Et pour cause… La dernière enquête du McKinsey Health Institute, publiée en novembre 2023 et menée auprès de plus de 30 000 employé-e-s dans 30 pays, appuie cette vision puisqu’elle a révélé que les salarié-e-s ayant vécu des expériences professionnelles positives font état d'une meilleure santé globale, sont plus créatifs-ives au travail et ont de meilleures performances professionnelles. Afin de calculer la moyenne de santé globale au travail, McKinsey Health Institute a pris en compte 4 dimensions : la santé mentale, la santé physique, la santé spirituelle et la santé sociale, et a recommandé d’agir sur différents acteurs de prévention de l’épuisement professionnel, à savoir : la flexibilité, le sens au travail, l’apprentissage, la sécurité psychologique, l’engagement et l’entraide entre collègues.
Agir sur les 4 sphères d’intervention en santé/mieux-être au travail
Enfin, selon Statistique Canada, 21,2 % de l'ensemble des travailleurs-euses éprouvent des niveaux de stress au travail élevés ou très élevés. Les causes les plus courantes de ce stress étaient une lourde charge de travail (23,7 %), ainsi que la conciliation du travail et de la vie personnelle (15,7 %). Les femmes (22,7 %) sont d’ailleurs plus susceptibles d'éprouver des niveaux de stress élevés que leurs homologues hommes (19,7 %).
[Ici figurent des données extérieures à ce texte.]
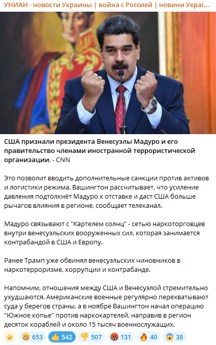 Но что может быть серьезного, если выше мы в общих чертах обрисовали ход операции: базы разбомбили, денежки арестовали  – и всё, там начнутся уже разборки между бывшими соратниками и конкуренция за голову товарища Мадуро.
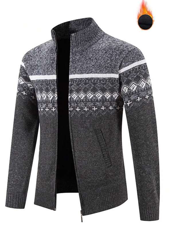 Men Geo Pattern Zip Up Cardigan
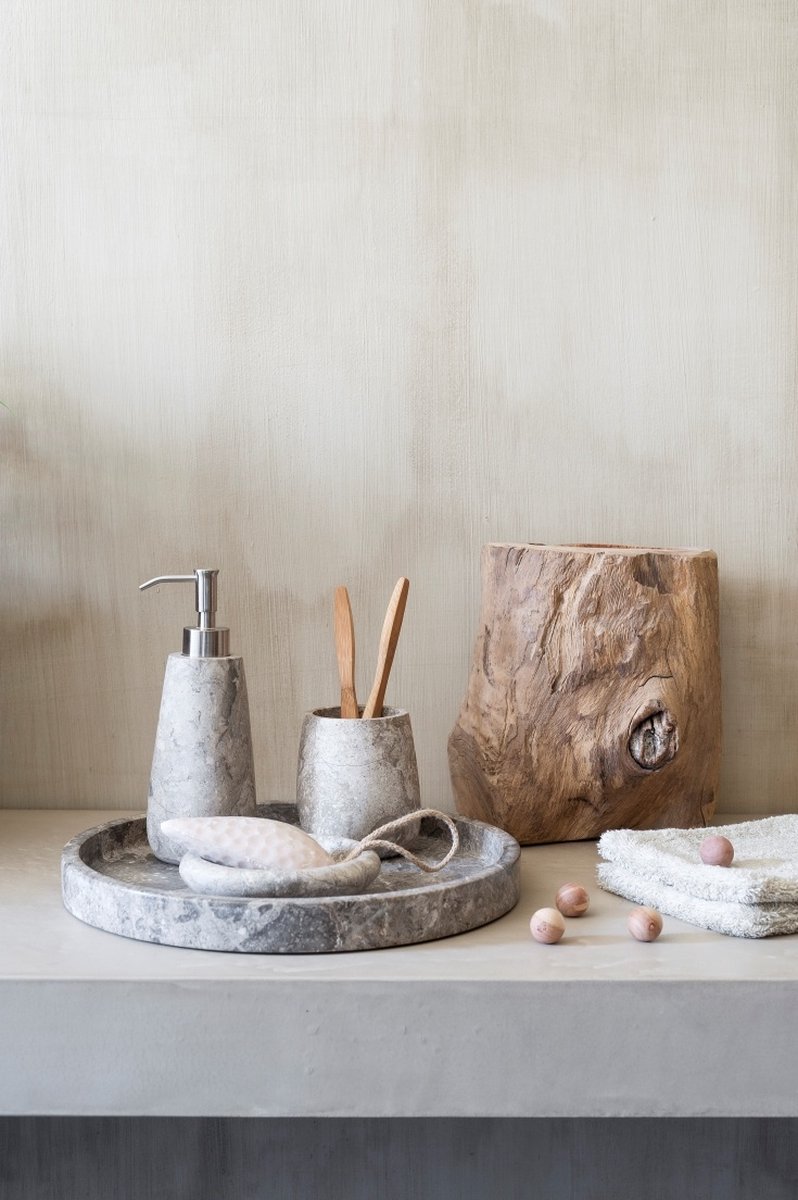 Gemaakt van marmer en met een afmeting van 7.5 x 20.5 cm, is deze zeepdispenser niet alleen functioneel, maar ook een lust voor het oog. Het pompje is bovendien los verkrijgbaar, wat zorgt voor extra gebruiksgemak. Vul de dispenser eenvoudig met je favoriete vloeibare zeep en geniet van een luxueuze handwaservaring.

Ces données confirment, une fois de plus, les conclusions de l’étude publiée par l’Université d’Oxford qui met en avant l’importance de revoir ses pratiques de gestion (politique de déconnexion, charge de travail, etc.) et sa politique de conciliation travail/vie personnelle (horaires flexibles, congés personnels, télétravail, etc.), en plus d’investir dans la promotion des saines habitudes de vie (gestion du stress, sommeil, alimentation, etc.).
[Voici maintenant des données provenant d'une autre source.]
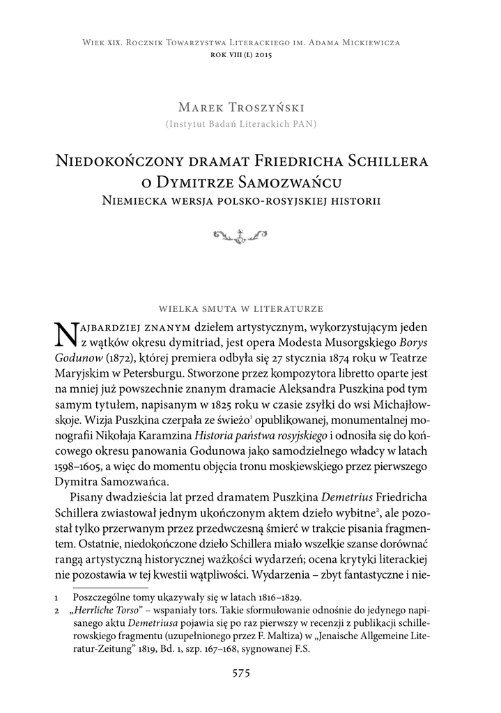 Wiek XIX . Rocznik Towarzystwa Literackiego im. Adama Mickiewicza rok VIii (L) 2015 Marek Troszyński (Insty tut Badań Literackich PAN) Niedokończony dramat Friedricha Schillera o Dymitrze Samozwańcu Niemiecka wersja polsko-rosyjskiej historii wielka smuta w literaturze ajbardziej znanym dziełem artystycznym, wykorzystującym jeden z wątków okresu dymitriad, jest opera Modesta Musorgskiego Borys Godunow (1872), której premiera odbyła się 27 stycznia 1874 roku w Teatrze Maryjskim w Petersburgu. Stworzone przez kompozytora libretto oparte jest na mniej już powszechnie znanym dramacie Aleksandra Puszkina pod tym samym tytułem, napisanym w 1825 roku w czasie zsyłki do wsi Michajłowskoje. Wizja Puszkina czerpała ze świeżo1 opublikowanej, monumentalnej monografii Nikołaja Karamzina Historia państwa rosyjskiego i odnosiła się do końcowego okresu panowania Godunowa jako samodzielnego władcy w latach 1598–1605, a więc do momentu objęcia tronu moskiewskiego przez pierwszego Dymitra Samozwańca. Pisany dwadzieścia lat przed dramatem Puszkina Demetrius Friedricha Schillera zwiastował jednym ukończonym aktem dzieło wybitne2, ale pozostał tylko przerwanym przez przedwczesną śmierć w trakcie pisania fragmentem. Ostatnie, niedokończone dzieło Schillera miało wszelkie szanse dorównać rangą artystyczną historycznej ważkości wydarzeń; ocena krytyki literackiej nie pozostawia w tej kwestii wątpliwości. Wydarzenia – zbyt fantastyczne i nie- N 1 Poszczególne tomy ukazywały się w latach 1816–1829. 2 „Herrliche Torso” – wspaniały tors. Takie sformułowanie odnośnie do jedynego napisanego aktu Demetriusa pojawia się po raz pierwszy w recenzji z publikacji schillerowskiego fragmentu (uzupełnionego przez F. Maltiza) w „Jenaische Allgemeine Literatur-Zeitung” 1819, Bd. 1, szp. 167–168, sygnowanej F.S. 575 • Marek Troszyński • prawdopodobne są materiałem trudnym do przedstawienia przekonującego obrazu wydarzeń w formie artystycznej, wymagają pomysłowości i talentu. Zarówno w polskiej, rosyjskiej, jak i światowej3 literaturze jest spora liczba dzieł wykorzystujących ten awanturniczy wątek wspólnej, polsko-rosyjskiej historii – jednak prócz dzieła Puszkina i jego derywatu – opery Musorgskiego, nie zainspirował on dzieła naprawdę wielkiego formatu. czasy zamętu Wydarzenia wielkiej smuty , czyli okresu zamętu po śmierci Iwana Groźnego (1530–1584, car od 1547 roku), są trudne – wręcz niemożliwe do ułożenia w jedną, spójną narrację. Liczne zakłócenia uniemożliwiają konsekwentne odtworzenie faktów i czynią z tego wycinka historii wiązkę poszlak, z których najbardziej prawdopodobne nie muszą być wcale najbardziej zbliżone do prawdy. Fakty otacza mgła pogłosek, zmyśleń, przeinaczeń, przemieszanych z „faktami medialnymi” wyprodukowanymi przez sprawną machinę dezinformacyjną zwalczających się stronnictw, posługujących się, jakbyśmy dziś powiedzieli, „służbami specjalnymi”. Uniemożliwiają one skuteczne dotarcie do prawdy, stanowiąc pole dociekań dla historyków, do dziś niemogących zgodzić się nie tylko na jedną interpretację, ale nawet co do samych faktów. W takim mateczniku lęgły się legendy i baśnie. Mitotwórczą siłę tajemnicy wykorzystywała też literatura5. Historyk literatury, który zamierza zająć się dziełem literackim dotyczącym tego okresu, nie ma do dyspozycji gotowego schematu w postaci kroniki wydarzeń. Lektura opracowań obejmujących ten okres jest spotkaniem z różnymi konstruktami wydarzeń, z których żaden nie usiłuje nawet dać gwarancji prawdziwości ani nawet poczucia logicznej spójności następujących po sobie faktów. To, co od pokoleń do dzisiaj stanowi wyzwanie dla historyków 4 3 4 5 Największym refleksem wykazał się Lope de Vega, pisząc w 1606 roku El gran duque de Moscovia y Emperador perseguido; powstałe w 1635 roku Życie jest snem Pedra Calderóna de la Barca także zawiera aluzyjne odwołania do tej historii. Смутное время (smutnoje wriemia) – 1598–1613/1618; w polskiej literaturze przyjęło się to określenie, chociaż mylące jest odwołanie do znaczenia podobnie brzmiącego polskiego smutku, podczas gdy rosyjskie cмутa (smuta) oznacza ‘niepokój, chaos’. O znaczeniu i pochodzeniu nazwy zob. J. Suska, „Moskiewskie sny”, czyli o interwencji polskiej w Rosji okresu Wielkiej Smuty [online], Klub Przyjaciół Historii „Wydawnictwo” Remigiusz Mikołajczyk [dostęp: 2015-11-29]: <http://www.wydawnictworemi.pl/ wpis/178/index.html>. Dziejom stereotypu Polki – Maryny Mniszchówny poświęcona jest praca V. Mochalovej, Образ Марины Мнишек в историографии и литературе, w: Studia polonica II: К 70-летию Виктора Александровича Хорева, Москва 2002. Temat Maryny i Dymitra wszedł do literatury niemal równolegle z dziejącą się historią. 576 • Niedokończony dramat Friedricha Schillera o Dymitrze … • – wykracza daleko poza kompetencje historyka literatury6. Podejmując, siłą rzeczy amatorskie, studia wokół tematu, oparte na lekturach opracowań raczej popularnych, nie miałem na celu wyrobienia sobie choćby subiektywnego przekonania do jakiegoś konkretnego scenariusza wydarzeń. Wręcz przeciwnie – była to raczej wyprawa na połów wszelkich możliwych rozbieżności, pojawiających się na każdym etapie historii7. Ustalenie faktografii na postawie zachowanych dokumentów stanowi problem nie do przezwyciężenia nie tylko z tego powodu, że zdarzenia zostały przykryte wieloma warstwami sprzecznych informacji. Na bieżąco nieustannie w tle pracowała maszyna propagandowa wytwarzająca fałszywki, prowokująca wydarzenia, kształtująca opinię publiczną. Zakulisowi animatorzy wydarzeń, których splot doprowadził w konsekwencji do zastąpienia Rurykowiczów kolejną dynastią – Roman

Importance également soulignée par le Dr Mario Messier, directeur scientifique au Groupe entreprises en santé, qui recommande d'agir sur les 4 sphères d’intervention (cf. les saines habitudes de vie, l’environnement de travail, la conciliation travail/vie personnelle et les pratiques de gestion) connues pour leur impact sur la santé globale du personnel :
« Les interventions de type individuel seront comme des coups d’épée dans l’eau si elles ne s’accompagnent pas d’interventions de type organisationnel. C’est un des principaux facteurs de succès que le Groupe entreprises en santé promeut depuis 20 ans, à savoir la mise en place d’une démarche intégrée, qui comprend des actions au niveau individuel et organisationnel. C’est d’ailleurs sur ce principe fondamental, basé sur les 4 sphères d’intervention, que s’appuient la Reconnaissance et la Norme Entreprise en santé »
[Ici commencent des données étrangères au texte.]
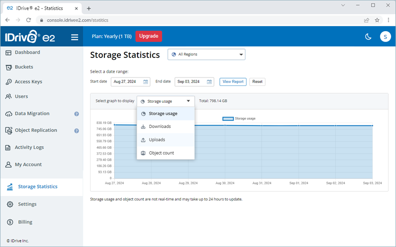 You can also select 'Downloads', 'Uploads', or 'Object count' to view related statistics.
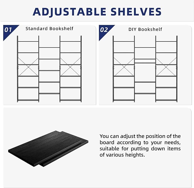 - 【Adjustable Shelves】: Unlike fixed shelves that limit the height of display items, our bookshelf features an adjustable design. You can easily modify the position of each shelf to accommodate items of various sizes, allowing you to customize a bookshelf that perfectly suits your needs
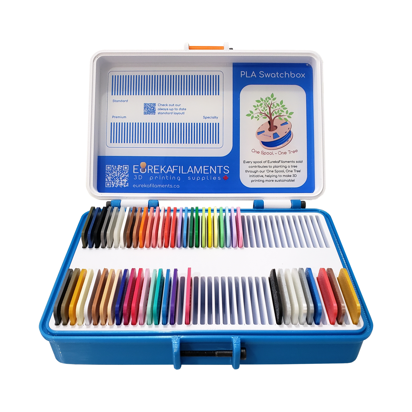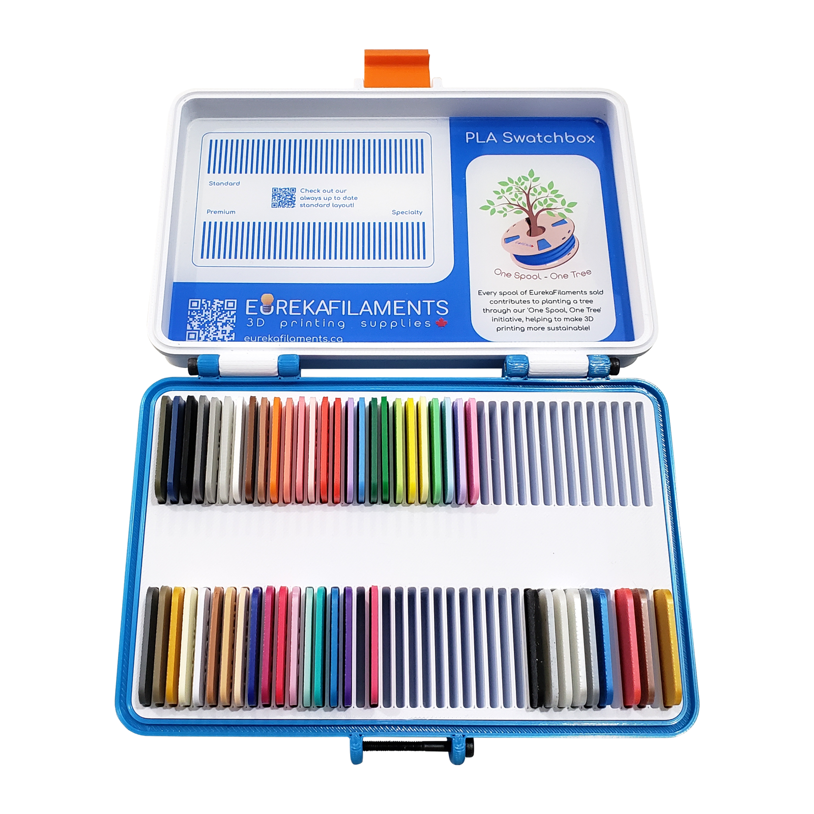 Get hands-on with our complete color collection before making your next purchase. The Eureka Filaments Swatch Box features high-quality samples of all our vibrant and unique filament colors, giving you the confidence to choose the perfect shade for your project.
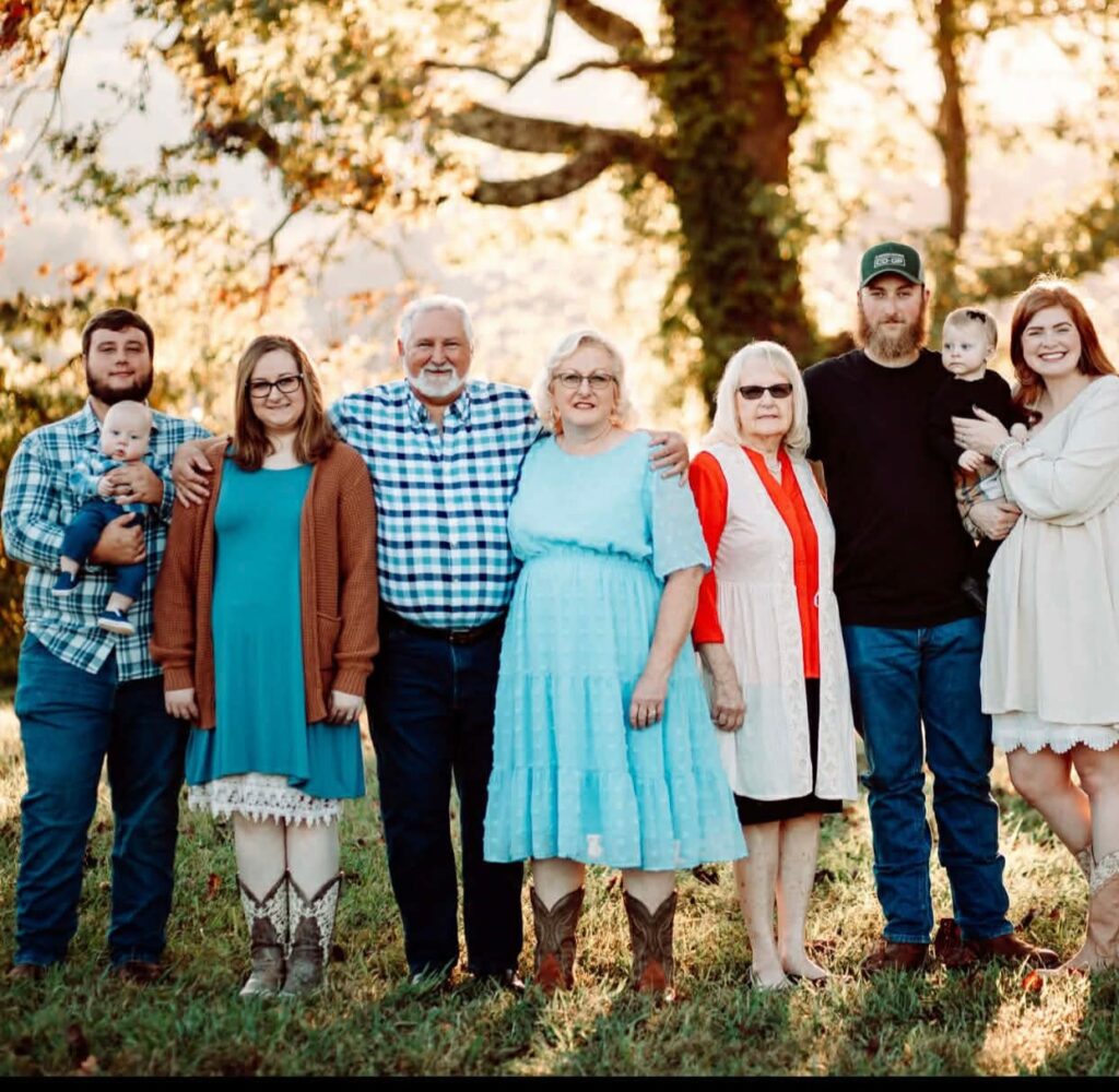 “My two kids were raised on the road, singing and playing music for the Lord. My son is Colton Goins and wife Celia and my grandbaby Harper. My daughter is Kaylee (Goins) Proffitt and husband Paul Proffitt and my grandbabies Hunter and Shyla.”

Pour conclure, il est primordial que les responsables de projet en santé et mieux-être au travail mettent en place des actions basées sur une démarche SMET structurée et qui touchent aux différentes dimensions de la santé. En agissant de la sorte, les milieux de travail seront davantage en mesure d’avoir un impact réel et significatif sur le quotidien de leurs employé-e-s.